曹驳坐妻
【原文】
沈存中内翰云:寿州有人杀妻之父母兄弟数口,州司以为不道,缘坐妻子。刑营驳曰:“殴妻之父母,即是义绝,况于谋杀?不当复坐其妻。”
《大明律》云,杀一家非死罪三人者,凌迟处死,妻子流二千里,入“十恶”不道之条。今观所载寿州人杀妻之父母兄弟数口,刑曹驳以义绝,不当缘坐其妻。窃详本犯身为不道,杀妻父母兄弟,与其妻实已义绝,法难缘坐。然律无明文,所司遇此,亦当比拟奏请。
【译文】
据翰林学士沈括说,寿州有个人杀了妻子的父母兄弟等好几口人,州司认为此人犯了不道之罪,因此其妻其子也都应坐罪。刑曹反驳道:“殴打其妻的父母,夫妻的情义即已断绝,何况谋杀其妻的父母!?从法理上讲,决不应再令其妻坐罪。”
《大明律》规定,杀死一家并没有犯死罪的三个人者,用凌迟的方法处死,他的妻儿处以流放二千里之刑,入在“十恶”之五“不道”的条款。现在看到本条所述的案件,寿州某人杀了他妻子的父母兄弟好几口人,刑曹以夫妇的情义已经断绝作为反驳的理由,认为他妻子再不应该受他的连累而坐罪。我经过一番思考,也认为这个罪犯既然犯了不道之罪,杀了他妻子的父母兄弟,这就意味着他和妻子的情义确实已经断绝,照理,他的妻子是不能再受牵连而坐罪了。但这一点律文却没有明文规定。因此,承办官署遇到这种情况,也应引用相当的条款,作出适当的裁决,然后报请朝廷审批。
诬讼大臣
【原文】
谢德权字士衡,福州人,提点京城仓草场。先是,荟积多患地下湿,德权累甓为台以藉之,遂无败腐。京城衢巷狭隘,命德权广之。初受诏,则先撤贵要邸舍,群议纷然。诏止之,德权请曰:“臣已受命,不可中止。今沮事者皆权豪辈,吝屋室僦资耳,非有他也。”上从之。因条上衢巷广袤及禁鼓昏晓之制。

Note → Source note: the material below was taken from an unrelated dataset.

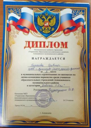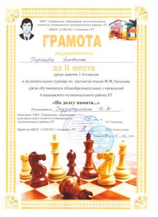 2 место в муниципальном турнире по шахматам им. Ф.М. Латыпова (Гараева Э., Гиззатуллин И.Д.)
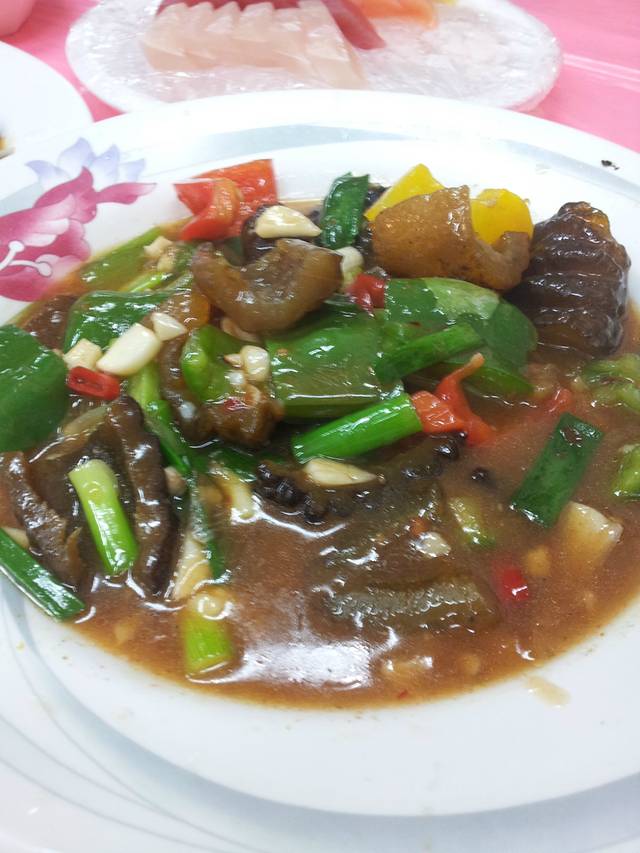 刺身拼盘(40件刺身)+ 海胆+ 炒螃蟹 + 炒海参 + 炒海贝

有凶人刘晔、僧澄雅讼执政与许州民阴构西夏为叛者,诏温仲舒、谢泌鞫问,令德权监之。既而按验无状,翌日,对便殿,具奏其妄。泌独曰:“追摄大臣,狱状乃具。”德权曰:“泌欲陷大臣邪!若使大臣无罪受辱,则人君何以使臣,臣下何以事君?”仲舒曰:“德权所奏甚
《宋史》
【译文】
谢德权,字士衡,福州人,任提点京城仓草场。先前,储存的粮草大多怕地下潮湿,谢德权垒砖为台,借台储粮,于是粮草再没有腐烂。京城中街道狭窄,朝廷命令谢德权拓宽街道。谢德权刚接受诏书,就要先拆除权贵势要人家的房屋,群臣议论纷纷。宋真宗下诏阻止他,谢德权请求说:“我已接受了命令,不可以中途停止。今天想阻止拆屋的人都是权贵势要一类的人,他们只不过吝惜房屋的租金罢了,没有其他原因。”宋真宗听从了他的意见。谢德权于是逐条上奏街道长宽以及晨昏禁止通行时间等一系列制度。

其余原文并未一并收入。